Databricks CEO says SaaS isn’t dead, but AI will soon make it irrelevant


On Monday, Databricks Office has partnered it reached a $5.4 billion revenue run rate, growing 65% year-over-year, of which more than $1.4 billion came from its AI products.

Co-founder and CEO Ali Ghodsi wanted to share these growth numbers because there is a lot of talk about how AI is killing the SaaS business, he told TechCrunch.

“Everybody’s like, ‘Oh, this is SaaS. What’s going to happen to all these companies? What’s AI going to do to all these companies?’ For us, the use is only increasing,” he said.

Sure, he also wants to move Databricks away from the SaaS label, as the private markets value it as an AI company. Databricks on Monday also officially closed its big, previously announced $5 billion raise at a $134 billion valuationand also seized a $2 billion credit facility.

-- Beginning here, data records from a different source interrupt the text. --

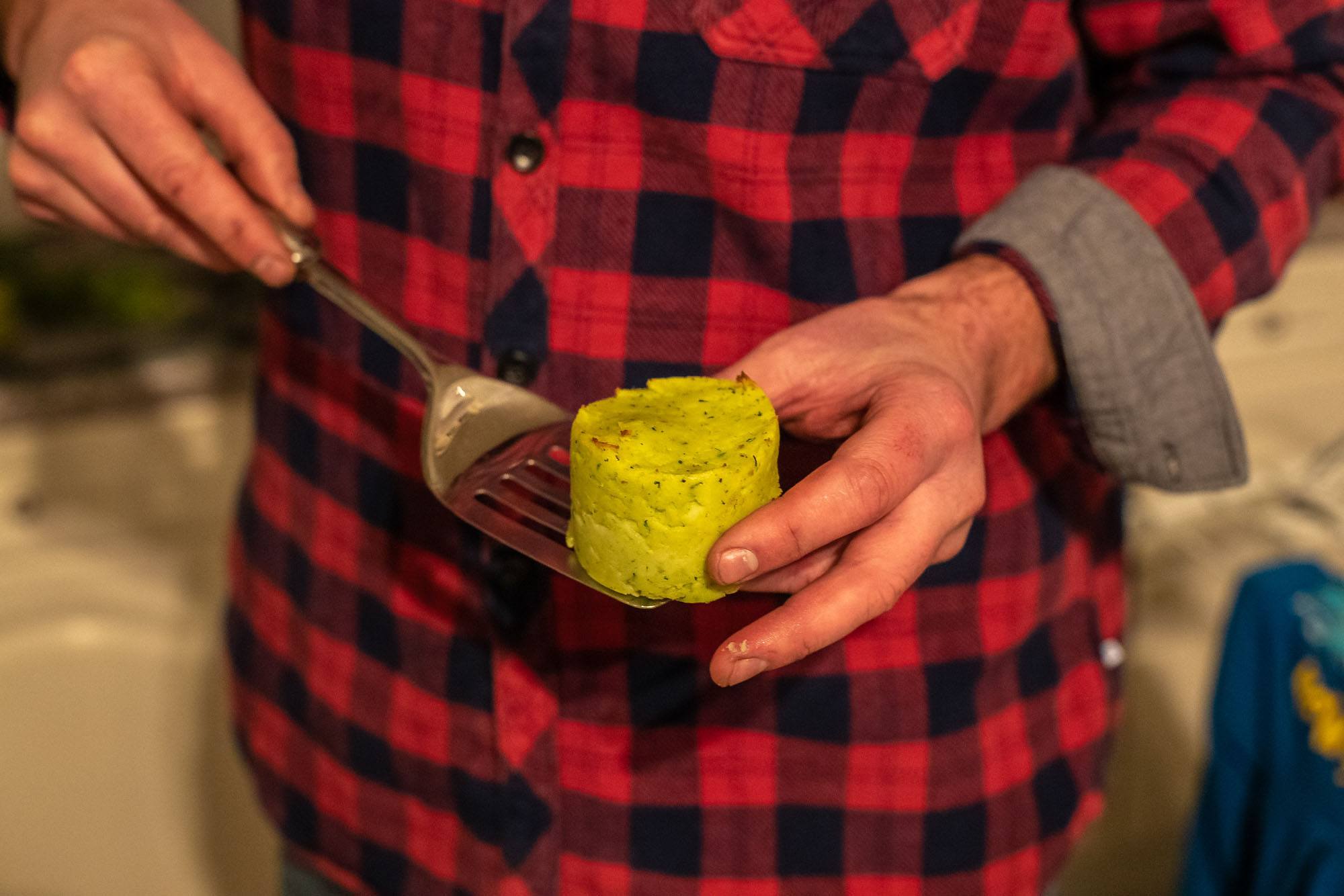 Voordat we de aardappelen op het vuur zetten gaan we de ingepakte ossenhaas op de gloeiend kolen leggen. De bereiding zal ongeveer 10 minuten in beslag nemen en daarna mag het nog zo’n 15 minuten rusten. Na 5 minuten keren we het pakket dus om en je zult voelen dat het zout al een harde laag om het vlees heeft gevormd. De doek is al aardig zwartgeblakerd, maar zit er nog stevig omheen. Na nog eens vijf minuten aan de andere zijde prikken we de thermapen kerntemperatuurmeter door het doek en de zoutkorst om te kijken of deze uitkomt op zo’n 38 graden Celsius.
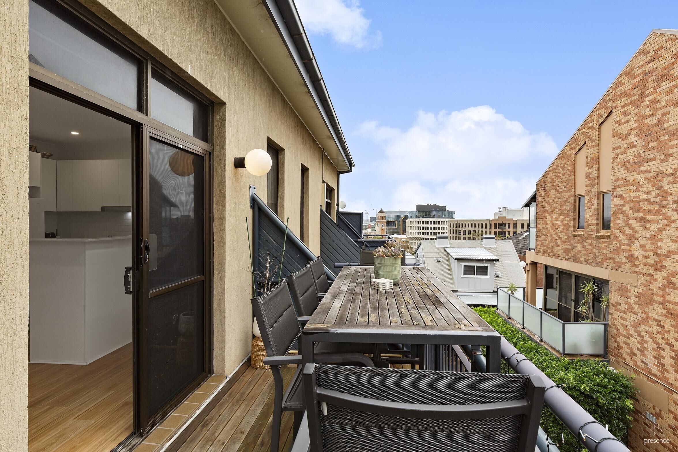 The spacious bedroom offers a peaceful sanctuary with a sizeable built-in robe and a second balcony, ideal for unwinding with a nightcap while soaking up the vibrant hum of the city. It enjoys stunning vistas of leafy Civic Park, the spire of the historic Newcastle Presbyterian church, and the newly refurbished clocktower of Newcastle City Hall. Adjacent, a sleek contemporary bathroom features a large vanity unit and walk-in shower. Even laundry days are made easier with a smart euro laundry that accommodates both a washer and dryer without sacrificing space.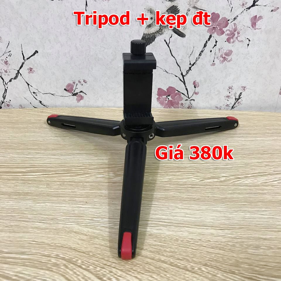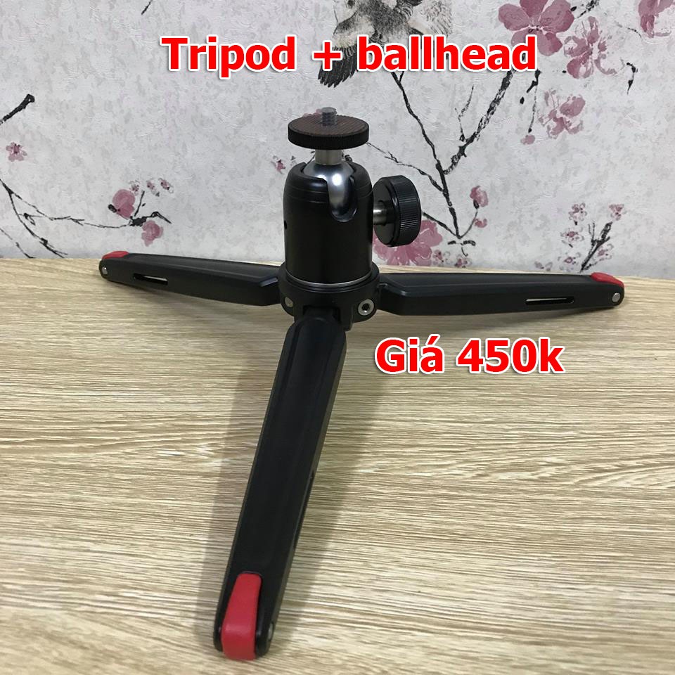 Chân có thể lắp thêm ballhead và kẹp điện thoại,....
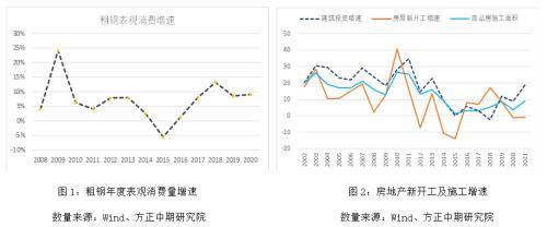 房地產(chǎn)和基建帶動(dòng)的建筑業(yè)用鋼對(duì)鋼材需求影響達(dá)到60%以上,房地產(chǎn)鏈條對(duì)鋼材需求的影響能達(dá)到40%。2008年以來(lái),從粗鋼表觀消費(fèi)和商品房新開(kāi)工面積來(lái)看,兩者同比增速整體走勢(shì)較為一致,而新開(kāi)工環(huán)節(jié)耗鋼量及增速較高。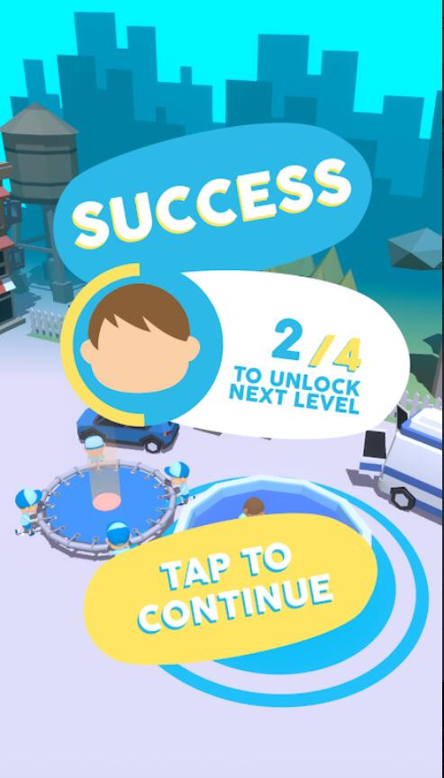 掌握游戏技巧,移动蹦床,把握好时机,抓住所有居民。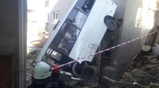 Kocaeli’nin Gölcük ilçesinde yokuştan aşağı indiği esnada freni patlayan yolcu minibüsü, duvara çarparak bahçeye uçtu. Kazada 3’ü ağır toplam 12 kişi yaralandı.

But the company straddles both worlds. Databricks is still known as a cloud data warehouse provider. A data warehouse is where businesses store large amounts of data to analyze for business insights.

Ghodsi called, in particular, an AI product that drives the use of its data warehouse: the LLM user interface named Genie.

Genie is an example of how a SaaS business can be done replace its user interface with natural language. For example, he uses it to ask why warehouse utilization and revenue increase on particular days.

Just a few years ago, such a request required questions to be written in a specific technical language, or had a special report programmed. Now, any product with an LLM interface can be used by anyone, Ghodsi said. Genie is a factor in the company’s usage growth numbers, he said.

The threat of AI in SaaS is not, it seems an AI VC jokingly tweetedthat businesses will ditch their SaaS “systems of record” to replace them with vibe-coded homegrown versions. Systems of record store critical business data, whether it’s in sales, customer support, or finance.

“Why would you move your system of record? You know, it’s hard to move it,” Ghodsi said.

Model makers don’t offer databases to store that data and become systems of record though. Instead, they hope to replace the user interface with natural speech for human use, or APIs or other plug-ins for AI agents.

So the threat to SaaS businesses, says Ghodsi, is that people will no longer spend their careers becoming masters of a particular product: Salesforce specialists, or ServiceNow, or SAP. Once the interface is the only language, the products can be invisible, like the pipe.

“Millions of people around the world are trained in user interfaces. And that’s the biggest moat that businesses have,” warned Ghodsi.

SaaS companies that adopt the new LLM interface can grow, as Databricks did. But it also opens up possibilities for native AI competitors to offer better alternatives to AI and agents.

That’s why Databricks created the Lakebase database designed for agents. He saw early traction. “In the eight months we’ve had it on the market, it’s generated double the revenue of our data warehouse when it was eight months old. Okay, obviously, that’s like comparing babies,” Ghodsi said. “But it’s a little kid twice as big.”

Meanwhile, now that Databricks has closed its big funding round, Ghodsi told us that the company isn’t immediately working on a trend as it is preparing for an IPO.

“Now is not a good time to go public,” Ghodsi said. “I just want to be very well capitalized” if the markets go “south” again like they did in the 2022 recession, when interest rates rose sharply after years of near zero rates. A thick bank account “protects us, gives us many, many years of runway,” he added.